▶ MATERIAL SHOWN:
----------

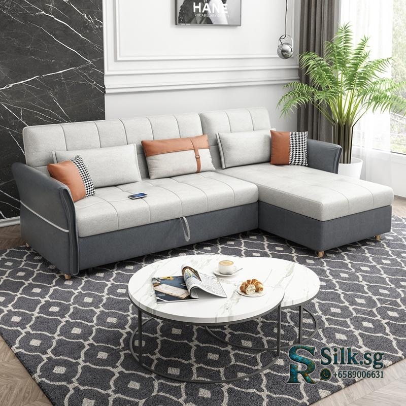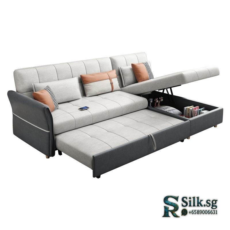 Yongjia – Nordic Linen Sofa Bed with Storage, L – Shaped Convertible
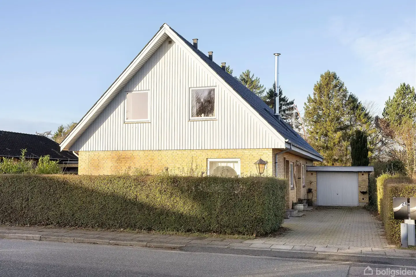Åbent hus med tilmeldingskrav 8/2 - klik på billede - Ejendommen Enghavevej 24 i Hornslet rummer en ældre villa med mange kvadratmeter og gode muligheder for den kommende ejer. Ejendommen fremstår med potentiale for opdatering eller modernisering, alt efter behov og ønsker. Haven er stor og giver god plads til udendørs aktiviteter og afslapning på terrassen, mens både garage og skur tilbyder praktiske opbevaringsmuligheder til haveredskaber og diverse hobbyer. Indretning Entréen fører til en fordelingsgang, som giver adgang til alle stueetagens rum. I den ene ende af gangen ligger et bryggers med plads til vasketøjet, og der findes desuden to lyse værelser, der kan benyttes efter behov. Et ældre badeværelse er placeret centralt i etagen. Køkkenet er lyst og ligger i direkte forbindelse med en rummelig stue, hvor der er god plads til både spiseafdeling og opholdszone, hvilket skaber et naturligt samlingspunkt. På førstesalen findes tre værelser i varierende størrelser, som kan indrettes til eksempelvis børneværelser eller kontor. Et badeværelse og en stor stue med udsigt til haven fuldender etagen og giver ekstra fleksibilitet. Området Hornslet tilbyder et trygt og velfungerende lokalmiljø med nem adgang til dagligvarebutikker, skole og daginstitutioner. Offentlig transport giver gode forbindelser til Aarhus, og nærliggende grønne områder gør det let at finde ro og naturoplevelser i hverdagen.
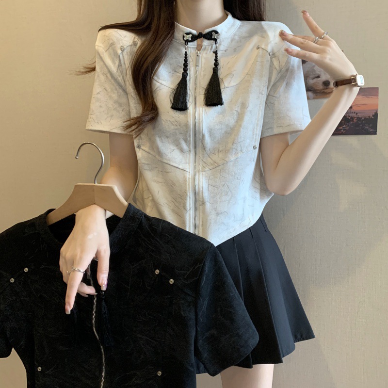 实拍新款胖MM新中式国苏双拉链上衣修身显瘦洋气小衫
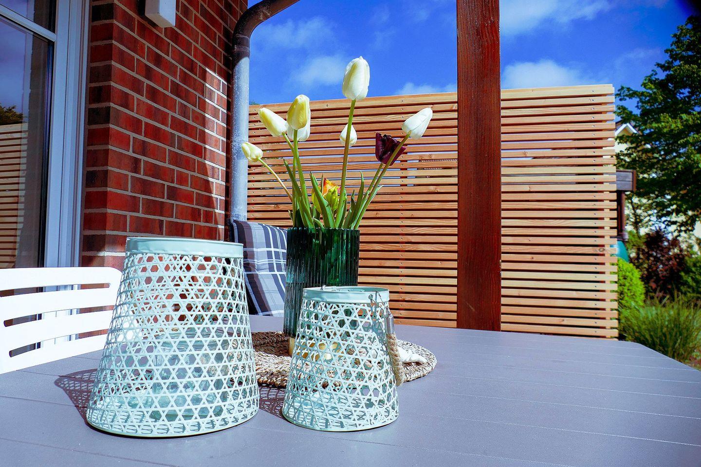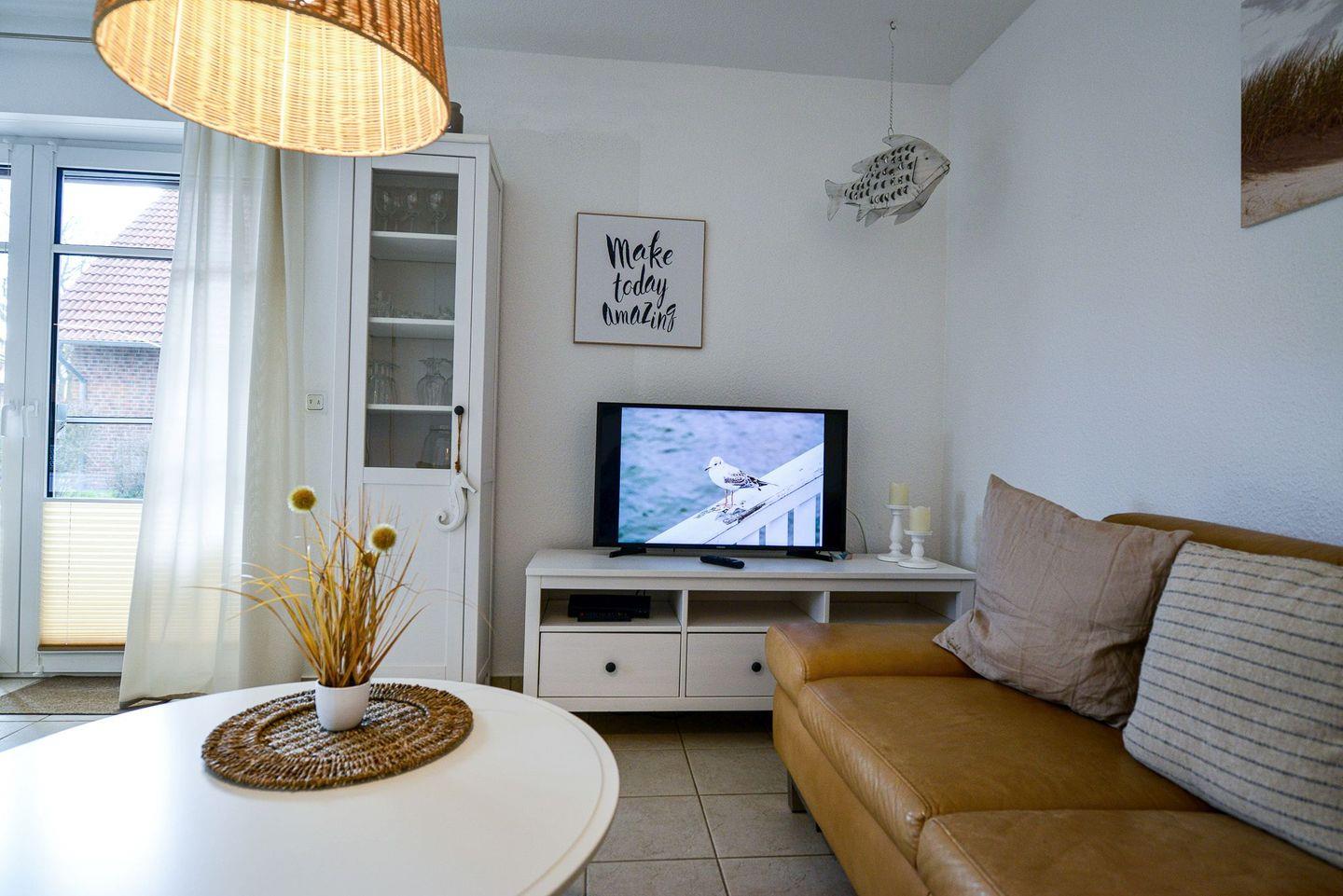 Helle 62 m² Erdgeschosswohnung mit skandinavischem Design, Südterrasse und Fußbodenheizung. Voll ausgestattete Küche, Bad mit bodengleicher Dusche & Waschmaschine, 2 Flatscreen-TVs, WLAN. Strand nur ca. 900 m entfernt. Kostenloser Parkplatz vor dem Haus, abschließbarer Fahrradraum. Kleiner Hund willkommen – ideal für entspannte Tage an der Nordsee.
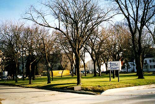 The Grey Nuns recently closed down their Winnipeg operations, and transferred their real estate assets to others. One of these assets was the green space just north of the St. Boniface Museum. For much of the last century, this space had been occupied by the Grey Nuns' Hospice, a place for sheltered accommodation of the elderly, but in 1970 this building was demolished, and replaced by another structure behind the Museum. Since 1970, then, the space between the Museum and the Cathedral cemetery has had the aspect of a well-treed park, linking the Museum grounds with the Cathedral precinct itself. Most people would have assumed that this space was part of the Museum grounds, or perhaps a public park.
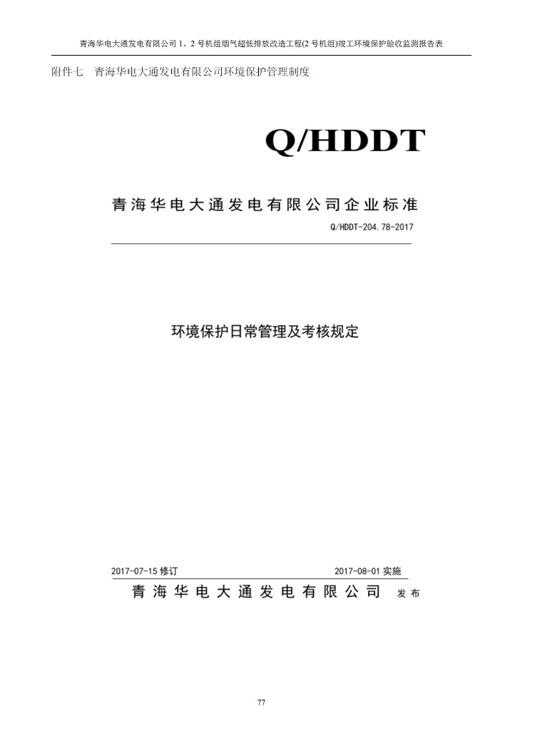青海華電大通發(fā)電有限公司1、2號機組煙氣超低排放改造工程(2號機組) 竣工環(huán)境保護驗收監(jiān)測報告表公示發(fā)布日期:(2020-4-29) 點擊次數(shù):2583 |
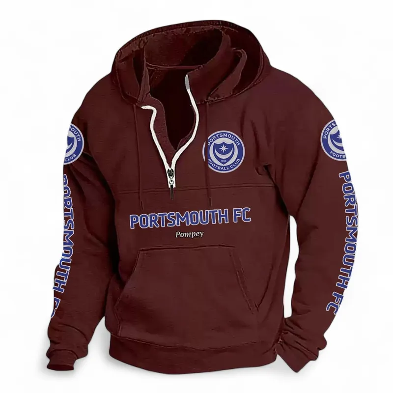 Football Fans Gift Casual Stand Up Collar Hoodie, Hoodie Stand-Up Collar Exclusive Logo For Sport Fan EPL125082225780-Deep Red
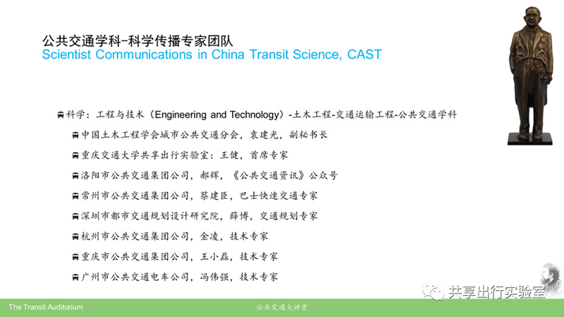 公共交通学科首席科学传播专家团队(Expert Team for Public Transport),是在中国土木工程学会城市公共交通分会领导下,由全国公共交通行业具有较高学术造诣,热爱科普、支持科普、奉献科普的公共交通相关领域的科技工作者组成,专家团队首批成员包括:《公共交通大讲堂》(Transit Auditorium)是由公共交通学科首席科学传播专家王健团队主持的系列学术交流研讨会,同期也配合不同主题组织一些社会活动。2019年在青岛与公交集团一起组织的“我爱公共交通”的航空拍摄活动,通过中国客车网进行了现场直播,《青岛晚报》在头版刊载的照片引起民众极大的兴趣,软银证券也选用这张照片来分析中国客车出口的机遇与挑战,在中国大众媒体和专业咨询机构中都产生良好的反应。
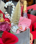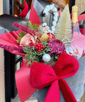 İçerik: Patiswiss çilek kaplı çikolata, özel tasarım şeffaf hediye küresi (isteğe göre isim yazılır), şık yılbaşı ağacı figürü, renk uyumlu şampanya, kırmızı krizantem, gül, kozalak detayları, yılbaşı yeşillikleri, pampas ve dekoratif objeler.
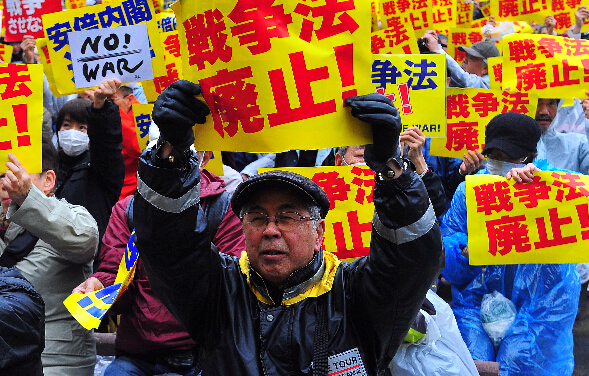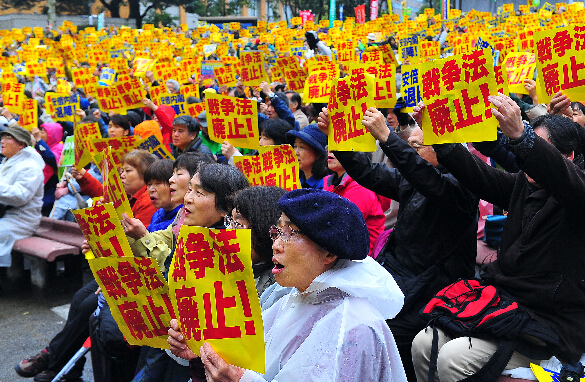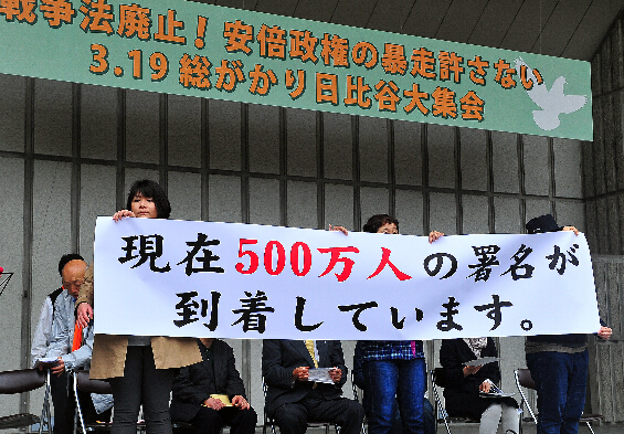 大批日本民众3月19日冒雨汇聚东京市中心的日比谷公园举行集会,强烈要求废除以解禁集体自卫权为核心内容的一系列新安保法。现场统计与会人数达5600人。
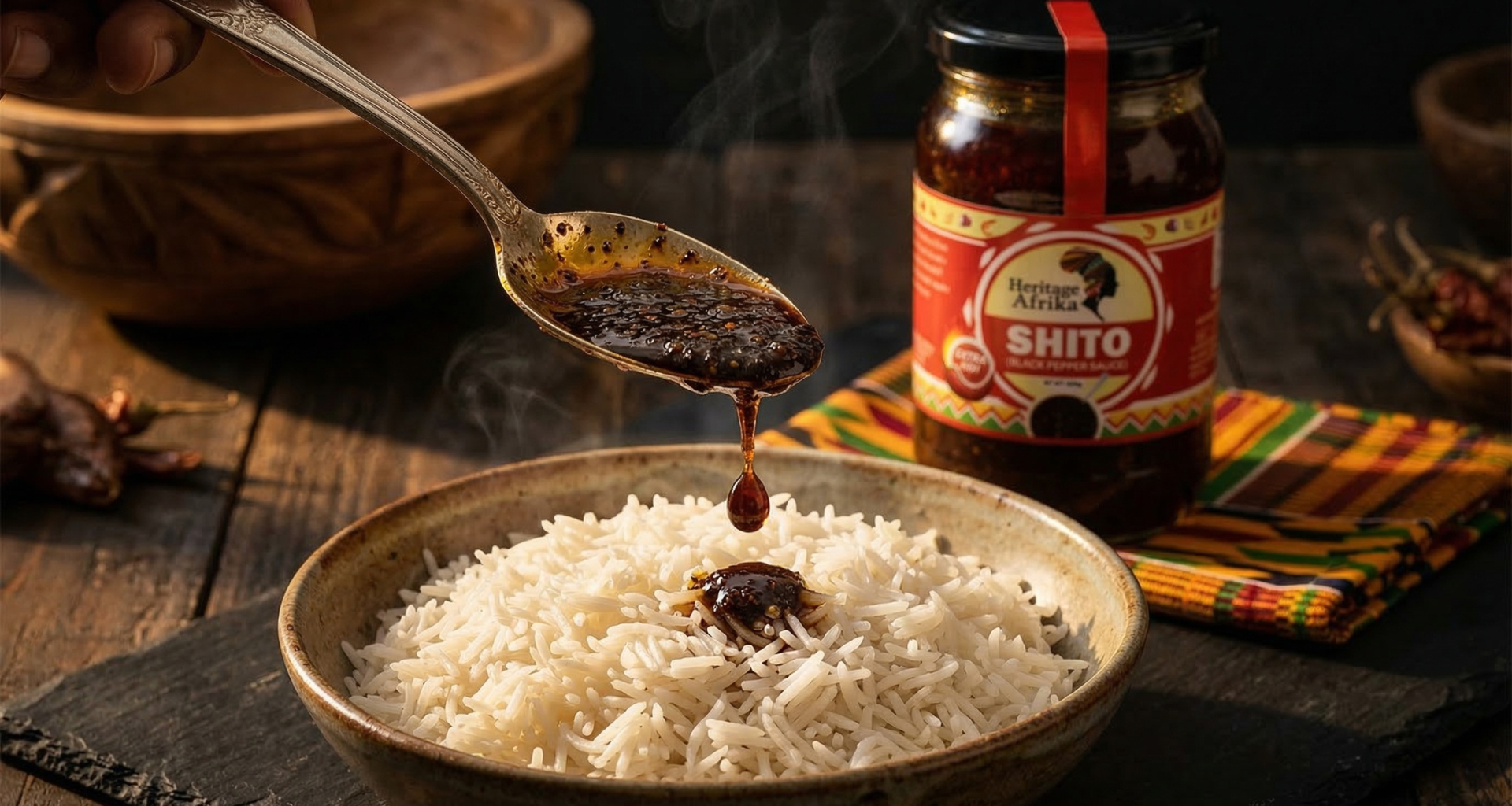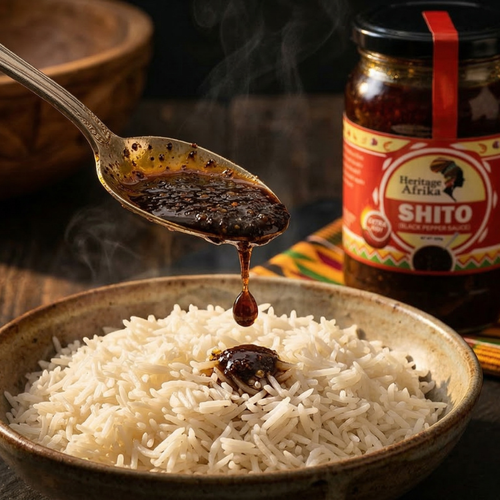 Heritage Afrika Shito Mild is the ultimate Ghanaian hot pepper sauce, rich with fish and shrimp, oil, and an aromatic blend of spices. It's an essential condiment for any West African dish. Perfect for kenkey,...

----------

▶ DIRECTIONS FOR THIS TASK: A word-for-word copy of the entries above is needed, with every picture dropped.

▶ WRITTEN ANSWER:
 Yongjia – Nordic Linen Sofa Bed with Storage, L – Shaped Convertible
Åbent hus med tilmeldingskrav 8/2 - klik på billede - Ejendommen Enghavevej 24 i Hornslet rummer en ældre villa med mange kvadratmeter og gode muligheder for den kommende ejer. Ejendommen fremstår med potentiale for opdatering eller modernisering, alt efter behov og ønsker. Haven er stor og giver god plads til udendørs aktiviteter og afslapning på terrassen, mens både garage og skur tilbyder praktiske opbevaringsmuligheder til haveredskaber og diverse hobbyer. Indretning Entréen fører til en fordelingsgang, som giver adgang til alle stueetagens rum. I den ene ende af gangen ligger et bryggers med plads til vasketøjet, og der findes desuden to lyse værelser, der kan benyttes efter behov. Et ældre badeværelse er placeret centralt i etagen. Køkkenet er lyst og ligger i direkte forbindelse med en rummelig stue, hvor der er god plads til både spiseafdeling og opholdszone, hvilket skaber et naturligt samlingspunkt. På førstesalen findes tre værelser i varierende størrelser, som kan indrettes til eksempelvis børneværelser eller kontor. Et badeværelse og en stor stue med udsigt til haven fuldender etagen og giver ekstra fleksibilitet. Området Hornslet tilbyder et trygt og velfungerende lokalmiljø med nem adgang til dagligvarebutikker, skole og daginstitutioner. Offentlig transport giver gode forbindelser til Aarhus, og nærliggende grønne områder gør det let at finde ro og naturoplevelser i hverdagen.
 实拍新款胖MM新中式国苏双拉链上衣修身显瘦洋气小衫
 Helle 62 m² Erdgeschosswohnung mit skandinavischem Design, Südterrasse und Fußbodenheizung. Voll ausgestattete Küche, Bad mit bodengleicher Dusche & Waschmaschine, 2 Flatscreen-TVs, WLAN. Strand nur ca. 900 m entfernt. Kostenloser Parkplatz vor dem Haus, abschließbarer Fahrradraum. Kleiner Hund willkommen – ideal für entspannte Tage an der Nordsee.
 The Grey Nuns recently closed down their Winnipeg operations, and transferred their real estate assets to others. One of these assets was the green space just north of the St. Boniface Museum. For much of the last century, this space had been occupied by the Grey Nuns' Hospice, a place for sheltered accommodation of the elderly, but in 1970 this building was demolished, and replaced by another structure behind the Museum. Since 1970, then, the space between the Museum and the Cathedral cemetery has had the aspect of a well-treed park, linking the Museum grounds with the Cathedral precinct itself. Most people would have assumed that this space was part of the Museum grounds, or perhaps a public park.
青海華電大通發(fā)電有限公司1、2號機組煙氣超低排放改造工程(2號機組) 竣工環(huán)境保護驗收監(jiān)測報告表公示發(fā)布日期:(2020-4-29) 點擊次數(shù):2583 |
 Football Fans Gift Casual Stand Up Collar Hoodie, Hoodie Stand-Up Collar Exclusive Logo For Sport Fan EPL125082225780-Deep Red
 公共交通学科首席科学传播专家团队(Expert Team for Public Transport),是在中国土木工程学会城市公共交通分会领导下,由全国公共交通行业具有较高学术造诣,热爱科普、支持科普、奉献科普的公共交通相关领域的科技工作者组成,专家团队首批成员包括:《公共交通大讲堂》(Transit Auditorium)是由公共交通学科首席科学传播专家王健团队主持的系列学术交流研讨会,同期也配合不同主题组织一些社会活动。2019年在青岛与公交集团一起组织的“我爱公共交通”的航空拍摄活动,通过中国客车网进行了现场直播,《青岛晚报》在头版刊载的照片引起民众极大的兴趣,软银证券也选用这张照片来分析中国客车出口的机遇与挑战,在中国大众媒体和专业咨询机构中都产生良好的反应。
 İçerik: Patiswiss çilek kaplı çikolata, özel tasarım şeffaf hediye küresi (isteğe göre isim yazılır), şık yılbaşı ağacı figürü, renk uyumlu şampanya, kırmızı krizantem, gül, kozalak detayları, yılbaşı yeşillikleri, pampas ve dekoratif objeler.
 大批日本民众3月19日冒雨汇聚东京市中心的日比谷公园举行集会,强烈要求废除以解禁集体自卫权为核心内容的一系列新安保法。现场统计与会人数达5600人。
 Heritage Afrika Shito Mild is the ultimate Ghanaian hot pepper sauce, rich with fish and shrimp, oil, and an aromatic blend of spices. It's an essential condiment for any West African dish. Perfect for kenkey,...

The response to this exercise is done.